==== Available records
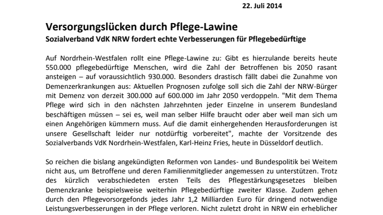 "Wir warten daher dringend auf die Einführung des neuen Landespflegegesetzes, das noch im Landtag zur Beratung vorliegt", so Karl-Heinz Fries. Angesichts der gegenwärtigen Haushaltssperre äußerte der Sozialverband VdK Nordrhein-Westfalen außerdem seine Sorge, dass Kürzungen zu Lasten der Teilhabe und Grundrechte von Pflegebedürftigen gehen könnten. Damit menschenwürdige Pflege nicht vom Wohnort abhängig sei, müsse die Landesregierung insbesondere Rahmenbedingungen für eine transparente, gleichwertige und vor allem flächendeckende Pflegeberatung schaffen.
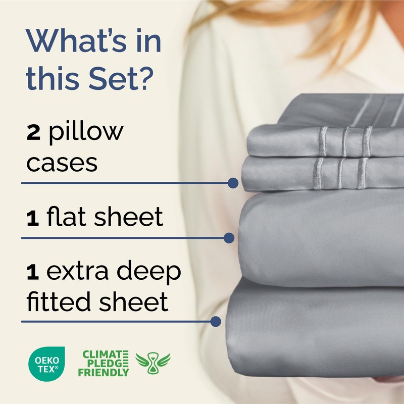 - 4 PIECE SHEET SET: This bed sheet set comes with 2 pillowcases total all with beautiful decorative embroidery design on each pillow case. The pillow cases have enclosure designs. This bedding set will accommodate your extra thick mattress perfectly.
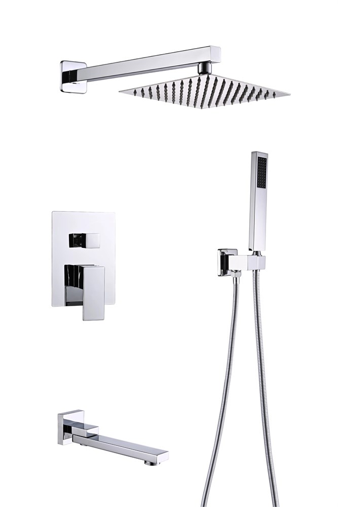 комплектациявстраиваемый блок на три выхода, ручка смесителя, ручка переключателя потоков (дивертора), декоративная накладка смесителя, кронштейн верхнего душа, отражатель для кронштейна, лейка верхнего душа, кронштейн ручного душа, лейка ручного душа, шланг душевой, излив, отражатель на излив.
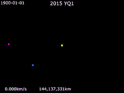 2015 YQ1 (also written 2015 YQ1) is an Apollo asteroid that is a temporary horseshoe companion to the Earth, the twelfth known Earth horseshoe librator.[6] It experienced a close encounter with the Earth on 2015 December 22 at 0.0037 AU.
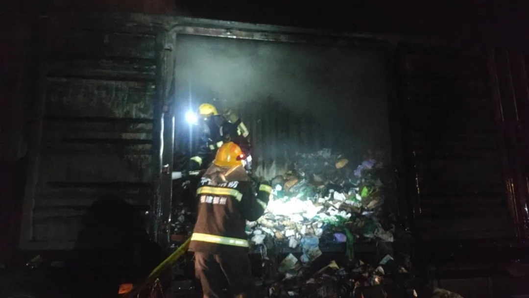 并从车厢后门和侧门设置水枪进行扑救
========
==== Available records
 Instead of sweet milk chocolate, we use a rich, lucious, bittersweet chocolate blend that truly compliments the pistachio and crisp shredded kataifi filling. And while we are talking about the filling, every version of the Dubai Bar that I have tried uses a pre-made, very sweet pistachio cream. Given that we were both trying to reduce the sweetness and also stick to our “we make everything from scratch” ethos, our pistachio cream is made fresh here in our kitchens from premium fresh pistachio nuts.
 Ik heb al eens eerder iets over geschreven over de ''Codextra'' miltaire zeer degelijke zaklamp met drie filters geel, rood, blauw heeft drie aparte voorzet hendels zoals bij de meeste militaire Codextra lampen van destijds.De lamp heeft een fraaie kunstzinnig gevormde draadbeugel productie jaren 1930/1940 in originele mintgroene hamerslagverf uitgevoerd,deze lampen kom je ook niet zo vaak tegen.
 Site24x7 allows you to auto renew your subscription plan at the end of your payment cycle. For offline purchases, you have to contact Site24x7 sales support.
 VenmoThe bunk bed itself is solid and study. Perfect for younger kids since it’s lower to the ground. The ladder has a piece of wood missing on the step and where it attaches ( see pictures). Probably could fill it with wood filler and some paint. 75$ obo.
========
In the listing above, transcribe exactly everything from the line containing "Instead of sweet" down to the line containing "Site24x7 allows you", including both and nothing more.

__Response to this exercise__.
 Instead of sweet milk chocolate, we use a rich, lucious, bittersweet chocolate blend that truly compliments the pistachio and crisp shredded kataifi filling. And while we are talking about the filling, every version of the Dubai Bar that I have tried uses a pre-made, very sweet pistachio cream. Given that we were both trying to reduce the sweetness and also stick to our “we make everything from scratch” ethos, our pistachio cream is made fresh here in our kitchens from premium fresh pistachio nuts.
 Ik heb al eens eerder iets over geschreven over de ''Codextra'' miltaire zeer degelijke zaklamp met drie filters geel, rood, blauw heeft drie aparte voorzet hendels zoals bij de meeste militaire Codextra lampen van destijds.De lamp heeft een fraaie kunstzinnig gevormde draadbeugel productie jaren 1930/1940 in originele mintgroene hamerslagverf uitgevoerd,deze lampen kom je ook niet zo vaak tegen.
 Site24x7 allows you to auto renew your subscription plan at the end of your payment cycle. For offline purchases, you have to contact Site24x7 sales support.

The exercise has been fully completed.